Летали неслышно совы и вонзали когти в сонных синиц; Антонине чудилось, как те, пойманные, вскрикивают и бьются недолго, — и опять неслышно летают совы и молчит топь.
Лезла в глаза маленькая девочка с родимым пятном, совсем маленькая — красный кусок мяса, — чужая и забытая и потом вдруг своя и вся знакомая до последнего сгиба крохотного пальца. Плакала, превращалась в крик, уползали вглубь глаза и пуговка носа, но багровело, надуваясь, темное пятно с тремя когтями на лбу. И так они оставались долго — страшное пятно и открытый кричащий рот, — пока не подкрался желтый огонь с змеиными зубами и не заглянул в люльку. Что-то трещало в ушах: это падал потолок внутрь избы, — спешил прикрыть, — и шумно взлетела туча мелких и крупных искр и закрыла небо.
Антонина поднялась, перекрестилась, зажгла было спичку и тут же потушила, потому что стало еще страшней.
Тараканы испуганно шарахнулись в темные щели, и слышно было, как они кувырком летели со стола и падали на пол.
Почему-то подумала об окне: было низкое и отворялось без скрипа.
Спальни были тут же за кухней; там спали крепко — стены шевелились от храпа.
И опять донеслась далекая колотушка, сначала бойкая и торопливая, как баба-цокотуха, потом осипшая, прохваченная сыростью, безответностью и тишиной.

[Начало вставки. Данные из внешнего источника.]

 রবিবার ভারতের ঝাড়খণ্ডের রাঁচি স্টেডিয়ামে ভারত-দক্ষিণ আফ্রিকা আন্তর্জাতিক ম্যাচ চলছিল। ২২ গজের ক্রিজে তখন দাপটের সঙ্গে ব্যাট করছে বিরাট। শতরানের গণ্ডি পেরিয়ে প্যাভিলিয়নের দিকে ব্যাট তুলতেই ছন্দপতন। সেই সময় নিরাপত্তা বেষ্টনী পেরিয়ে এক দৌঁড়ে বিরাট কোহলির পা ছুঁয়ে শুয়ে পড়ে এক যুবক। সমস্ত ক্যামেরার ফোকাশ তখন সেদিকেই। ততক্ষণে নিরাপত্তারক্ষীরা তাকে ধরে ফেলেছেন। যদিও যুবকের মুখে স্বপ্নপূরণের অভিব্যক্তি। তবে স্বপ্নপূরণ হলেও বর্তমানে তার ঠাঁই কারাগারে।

Антонина не могла себе объяснить, зачем она оделась, ощупью находя платье, отворила окно и тихо соскочила на двор, но на дворе, несмело пробираясь на стук в темноте сквозь кусты лебеды и щепки, она поняла, что ее толкает любопытство, что это почему-то страшно, что кто-то будет над нею смеяться, но что она все равно пойдет.
Залаяла собака вблизи, сразу отчетливо и резко, за ней другая меньше и дальше, может быть, около Зайцева. Продвинулся вперед бердоносовский дом с сараем двумя мреющими темными пятнами, и мелькнули в глазах ворота с широкой крышей, похожей на гроб. Собака узнала, визгнула и пошла рядом; собака была пестрая — белая с черным, — и видно было, как двигались только одни белые пятна; где-то в воздухе вилял белый хвост, и стало почему-то смешно, потом тоскливо. Кубарем подкатилась и другая собачонка, каштановая днем, теперь серая, как земля.

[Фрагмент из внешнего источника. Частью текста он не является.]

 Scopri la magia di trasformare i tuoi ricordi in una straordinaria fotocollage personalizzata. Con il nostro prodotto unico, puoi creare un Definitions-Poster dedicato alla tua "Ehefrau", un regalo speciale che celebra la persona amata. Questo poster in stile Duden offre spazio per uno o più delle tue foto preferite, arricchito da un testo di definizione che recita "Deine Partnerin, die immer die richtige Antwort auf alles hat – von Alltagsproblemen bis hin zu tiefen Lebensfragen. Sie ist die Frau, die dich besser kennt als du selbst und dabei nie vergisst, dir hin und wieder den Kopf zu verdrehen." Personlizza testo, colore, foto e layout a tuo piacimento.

Антонина остановилась, огляделась и совсем близко услышала колотушку.
Привыкшие к темноте глаза Зайцева наткнулись на нее вдруг и встревожились.
— Это кто там? — строго плеснул он в воздух.
Слова глухо шлепнулись около, как прыгнувшие жабы.
— Это я… стряпуха, — несмело ответила Антонина.
Зайцев промычал что-то и подошел ближе, вышмыгнул из темноты, чуть звякая колотушкой, и уже можно было рассмотреть, что он или в высокой чуйке, или в тулупе: торчал воротник выше головы и висели полы.